I took up the clarinet rather (too) late in life having enjoyed classical music since attending concerts in London from age 11. I started going with a school friend who eventually became a professional pianist and my biology teacher Ken Fudge (already mentioned) who was an amateur violinist. I came from a family that was not musical in the sense of the mechanics of the thing but my father was a talented crooner with a gentle baritone voice. I have a brother who is a rock musician, sisters, and children who are talented amateurs. I can remember when someone came to our house to demonstrate the “Dansette”, one of the first portable record players (to take to parties). I must have been 7 or 8 years old. We listened to some pop music and then he put on a classical LP – none of us could tell whether it was on the right speed or not. I have kept a steady interest in music and was delighted when I was a registrar here in discovering that the concerts existed. They were run then by Pauline Symon (Mrs Lyndsay Symon), who recently died. The June concert will be in part a tribute for her, as was the concert in 2017 for Anthony Wheatley. I have been involved in many of the concerts since around 1985, and for several years the Christmas event organised by the National Brain appeal in St George the Martyr. Please put the date of the next concert in your diary – June 28th in the Art Workers Guild. I organise a scratch orchestra – if anyone would be interested in playing please get in touch!


How has Queen Square changed over the years, and what does the place mean to you?
If I would advise anyone planning a life in medicine of one aspect, it is to expect change. I imagined that I would be like Chris Earl with two wards full of my own patients (apart from a few under Sir Roger Bannister and Roman Kocen – all three now passed). There was a team of two SHOs, one registrar and one senior registrar (who was never seen on the ward - sorry Andrew). Clerking patients took 4 hours including organising all the tests. Patients came in from all over the country. There was a wealth of clinical material from all aspects of Neurology and I still remember a large proportion of the patients.
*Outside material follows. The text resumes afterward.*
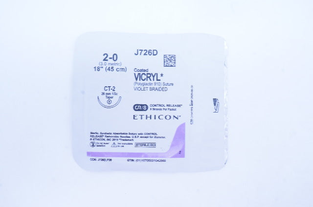 - Ethicon J726D 2-0 Coated VICRYL CT-2 26mm 1/2c Taper, 18inch
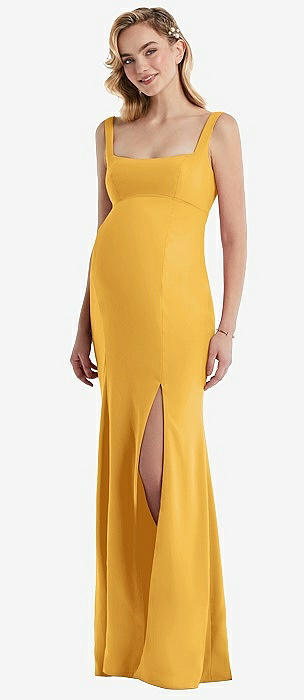 Wide Strap Square Neck Maternity Trumpet Gown in NYC yellow

Twice a day we would go round the ward and refine history and examination. I wrote papers on paroxysmal dystonia from that period. The patient came from Liverpool. It was a hive of activity and education and we were a coordinated team. The two consultant ward rounds were highly productive and efficient with sister, other nurses and physiotherapists in the group. Now everything is fragmented and the day unit/outpatient management does not provide the opportunities for learning that we had. Patients now come in for a Lumbar Puncture with no one seeming to take any note of what the clinical problem is or undertaking a full clerking. Having one patient in each of half a dozen wards does not lend itself to interaction with the nursing and other teams here. I think joining with UCLH has been a great success but I enjoy St Thomas’ in part because we are more integrated with the medical teams. The advances in imaging, immunology, genetics etc that have taken place in my time have been tremendous. It has been a privilege to see so many disorders that were mysterious to us in the 1980’s being better understood. However, the lifting of every veil reveals another - yet more mysterious – demanding our attention – and there are generally more than seven.